## Listed records
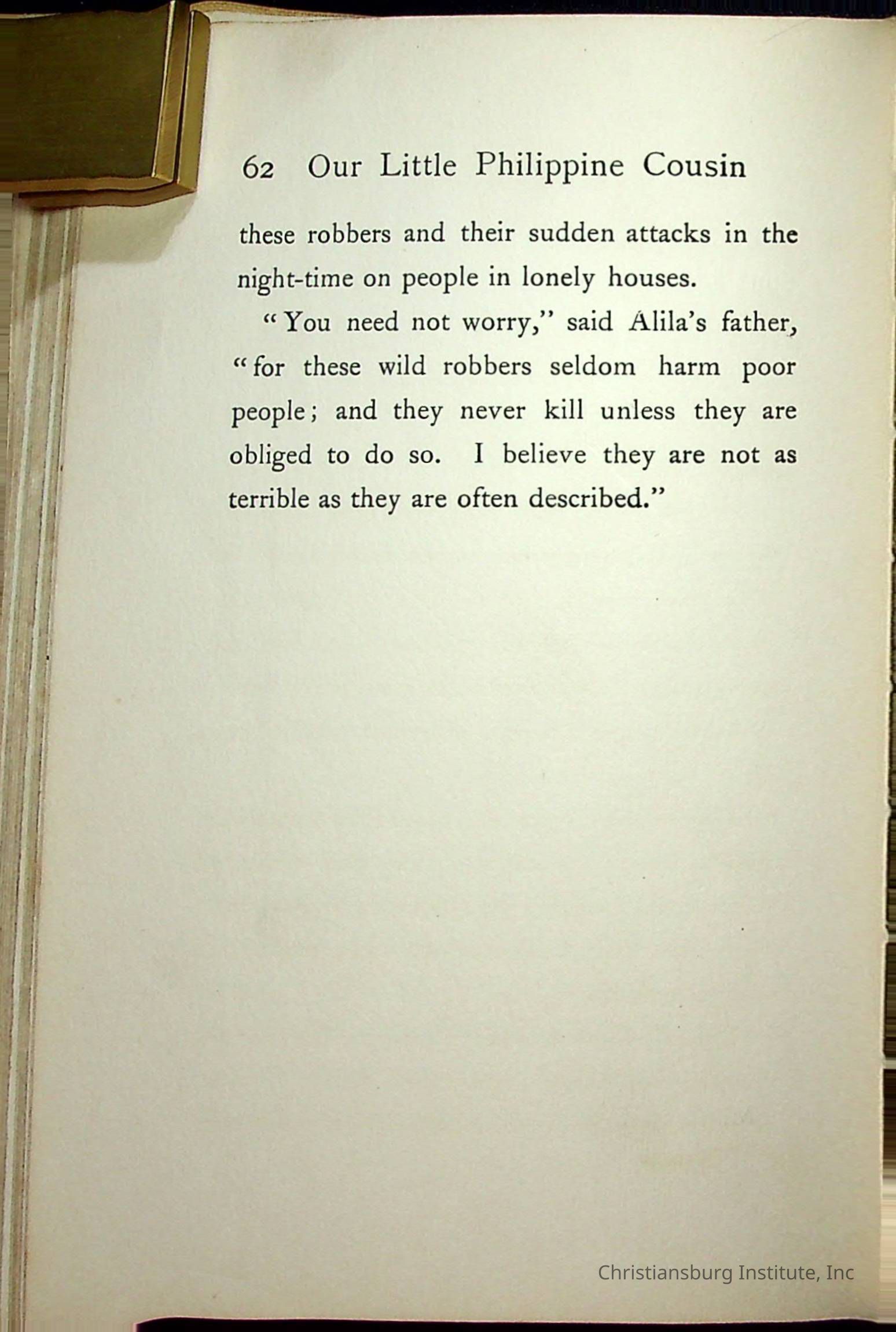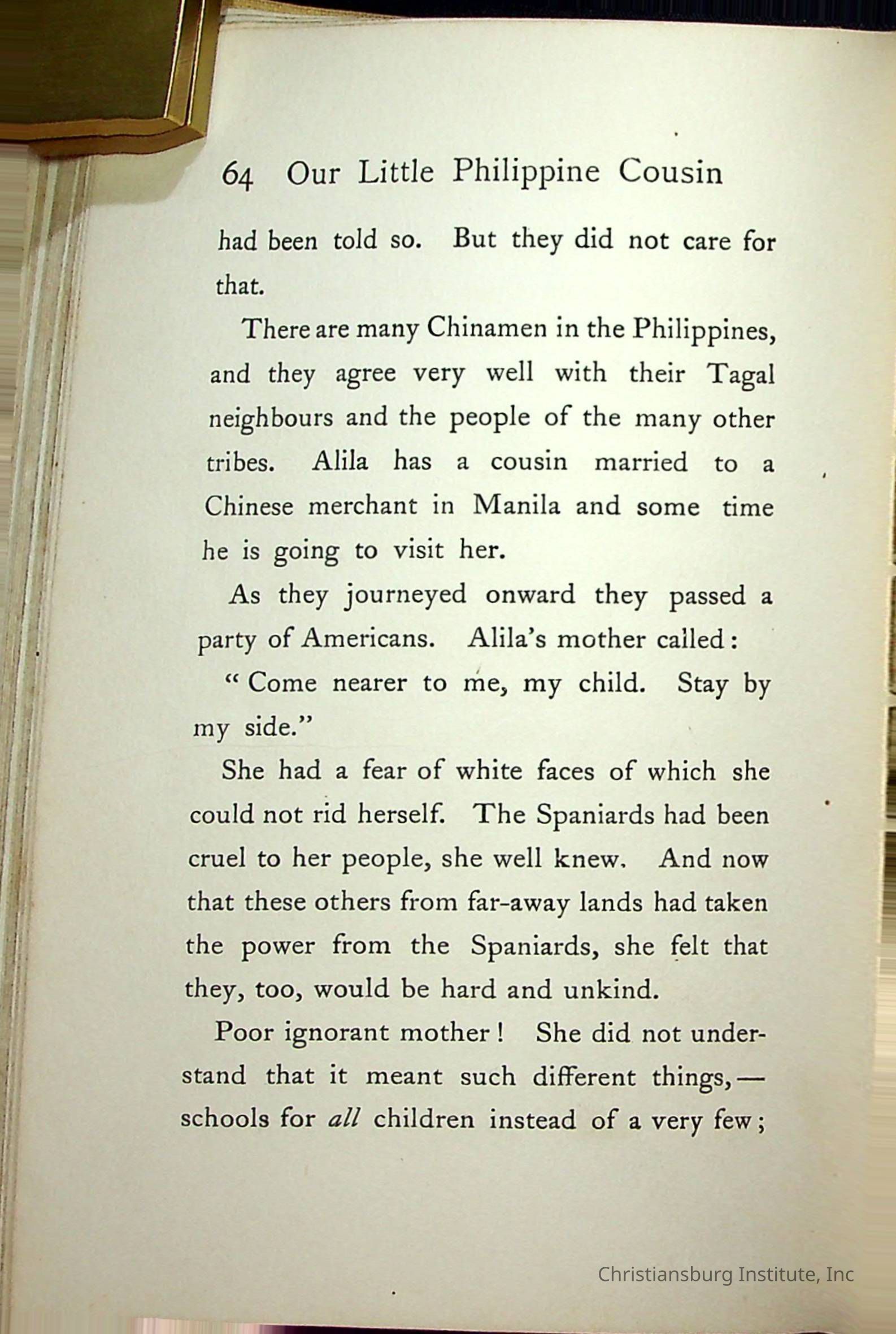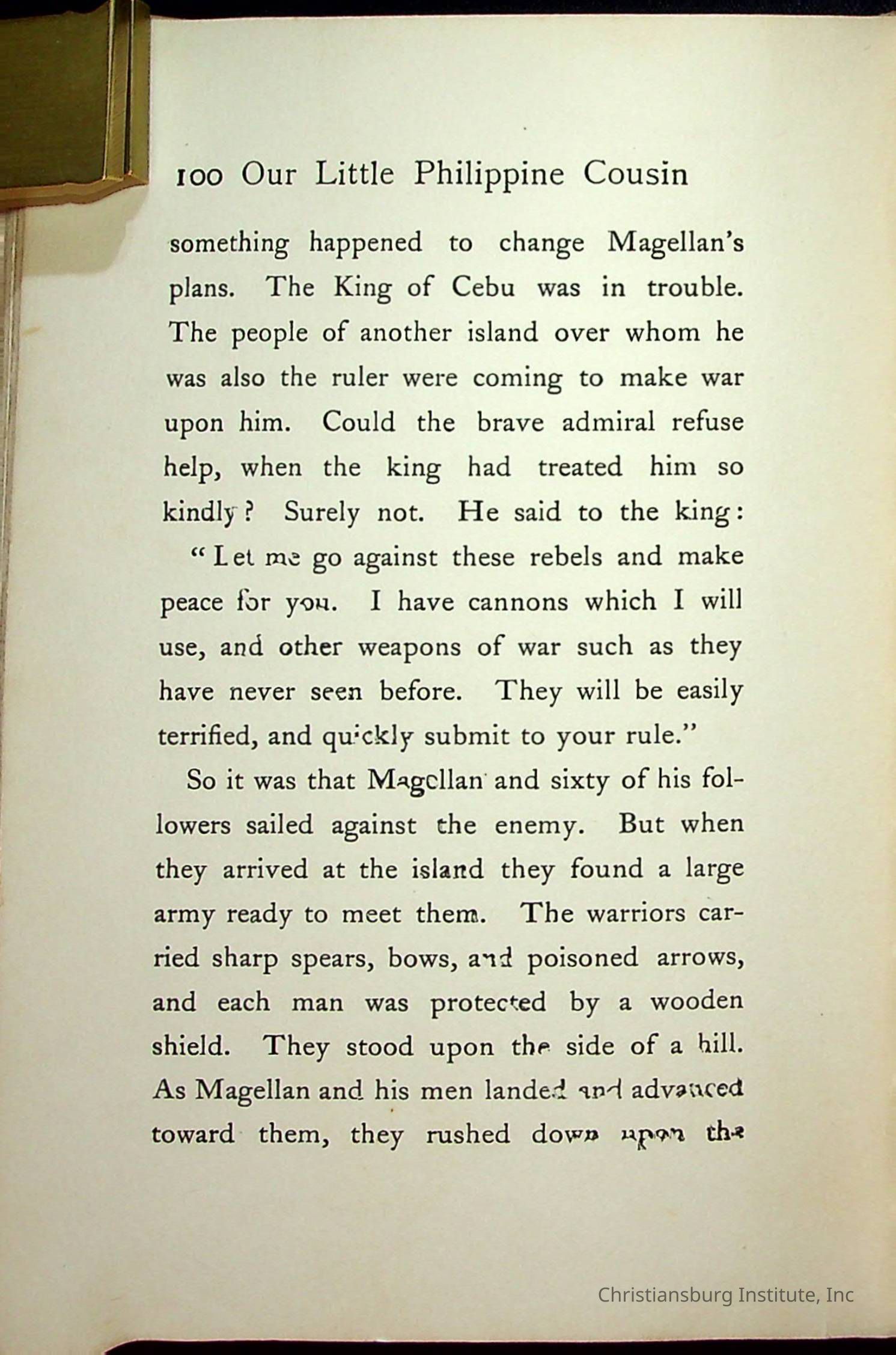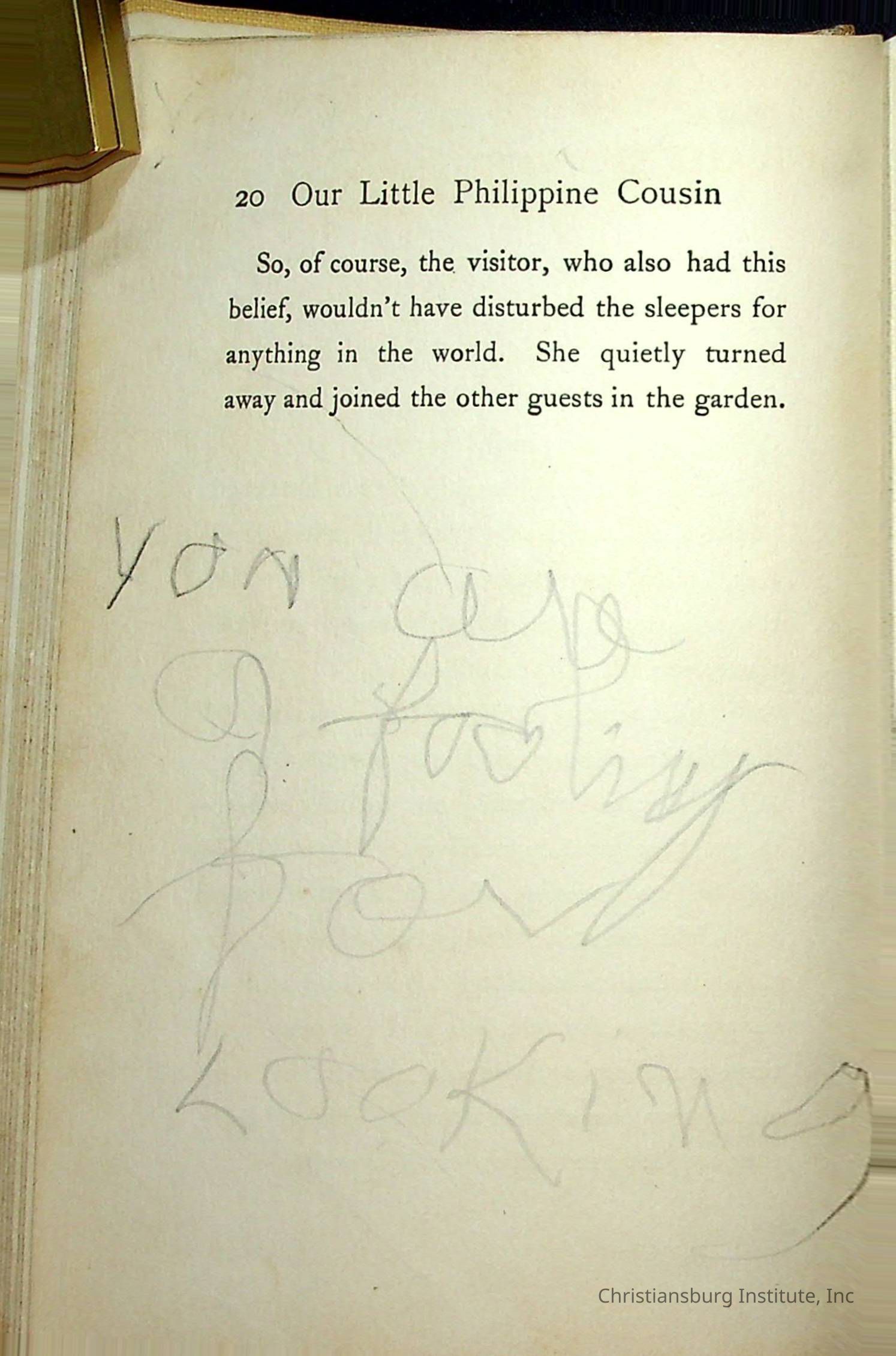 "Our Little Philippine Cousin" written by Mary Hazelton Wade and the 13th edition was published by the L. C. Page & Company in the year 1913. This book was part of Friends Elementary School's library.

---

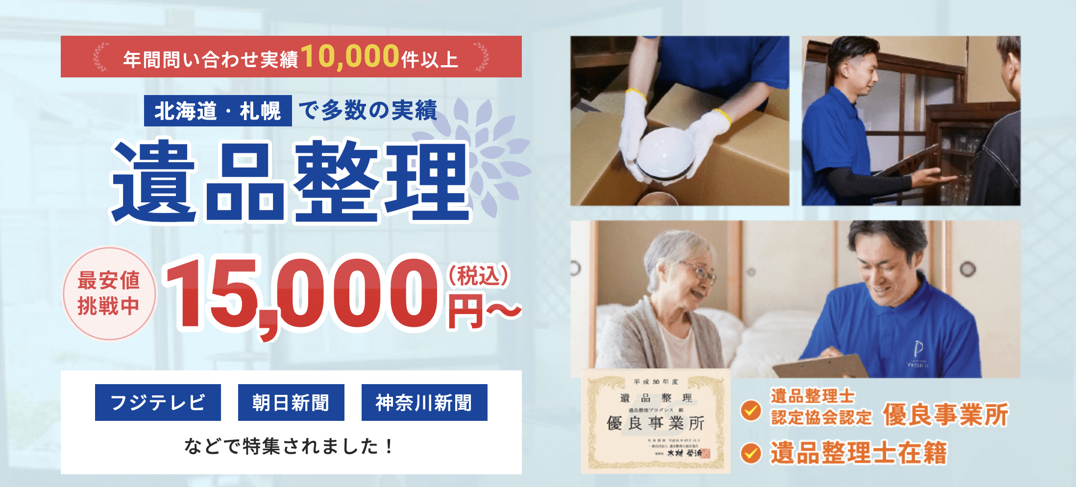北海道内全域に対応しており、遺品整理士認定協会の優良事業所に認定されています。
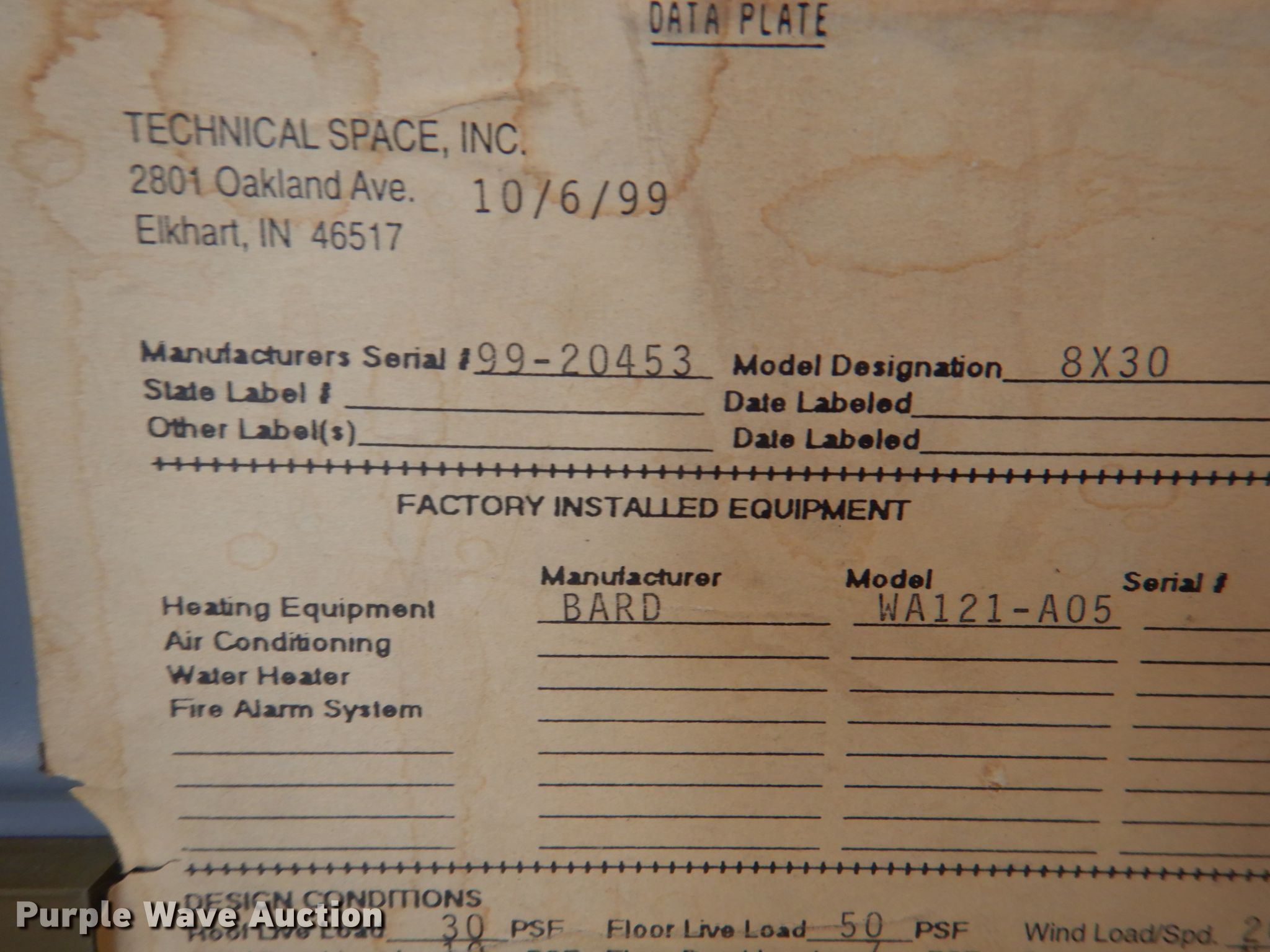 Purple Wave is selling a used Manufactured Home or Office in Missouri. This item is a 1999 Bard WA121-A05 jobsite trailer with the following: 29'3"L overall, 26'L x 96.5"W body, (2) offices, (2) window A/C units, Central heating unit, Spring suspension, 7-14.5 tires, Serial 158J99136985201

## What the task requires
The answer is the lines of the material above, from the one containing "北海道内全域に対応しており、遺品整理士認定協会の優良事業所に認定されています。" down to the one containing "Purple Wave is", given exactly and without images.

## Expected answer
北海道内全域に対応しており、遺品整理士認定協会の優良事業所に認定されています。
 Purple Wave is selling a used Manufactured Home or Office in Missouri. This item is a 1999 Bard WA121-A05 jobsite trailer with the following: 29'3"L overall, 26'L x 96.5"W body, (2) offices, (2) window A/C units, Central heating unit, Spring suspension, 7-14.5 tires, Serial 158J99136985201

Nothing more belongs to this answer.